- Born: December 27, 1947 Windom, Minnesota
- Died: September 24, 2013 (aged 65) St. Anthony, Minnesota
- Education: Minnesota State University, Mankato
- Occupations: politician, businesswoman
- Office: Member of the Minnesota House of Representatives
- Term: 1995–2004
- Political party: Republican

= Elaine Harder =

American politician and businesswoman

Elaine Rupp Harder (December 27, 1947 – September 24, 2013) was an American politician and businesswoman. She served in the Minnesota House of Representatives from 1995 until 2004 as a member of the Republican Party.
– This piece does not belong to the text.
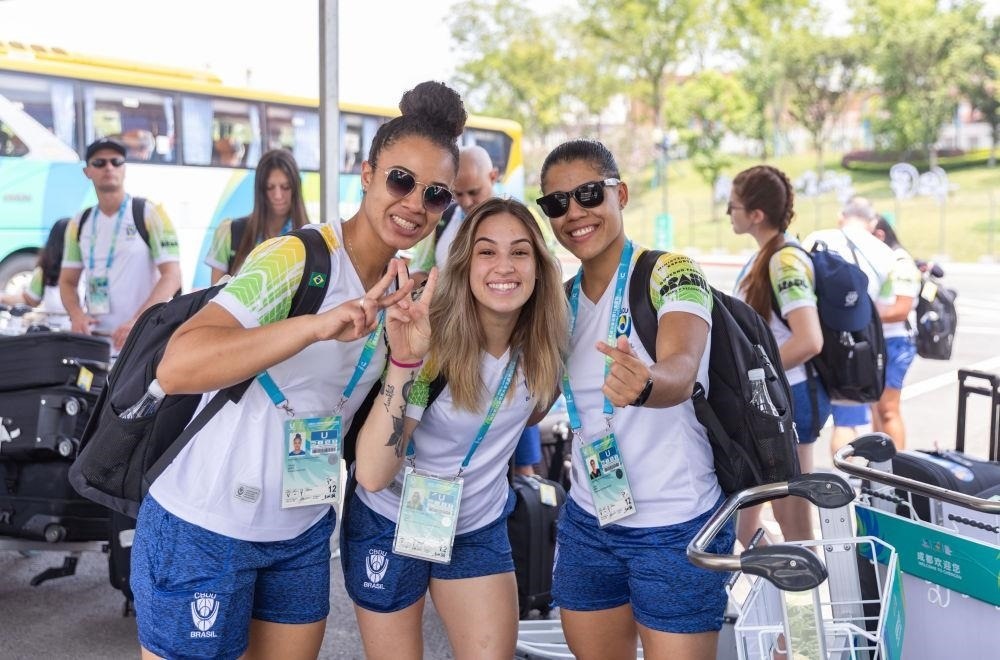 △2023年7月22日,巴西代表團(tuán)成員抵達(dá)中國四川成都大運村后合影。

==Early life and education==
Born in Windom, Minnesota, Harder pursued her higher education at Minnesota State University, Mankato, where she received her bachelor's degree.

==Career==
Harder worked in various roles including a home economics teacher, a sales representative for a printing and office supplies company, and a sales and marketing agent for a family cattle company. Additionally, she served as a 4-H youth development agent with the University of Minnesota Extension Service in Cottonwood County, where she has been involved since her youth.

==Political career==
In 1995, Harder embarked on her political career when she was elected to the Minnesota House of Representatives, where she served until 2004. As a representative, she was known for her contributions to the state legislature as a member of the Republican Party.

==Personal life==
Harder lived in Jackson, Minnesota where she and her husband, who ran unsuccessfully for the state Senate in 1990, owned and operated an insurance agency. She was a Lutheran and sang in her church choir.

==Death==
Harder died on September 24, 2013, in St. Anthony, Minnesota.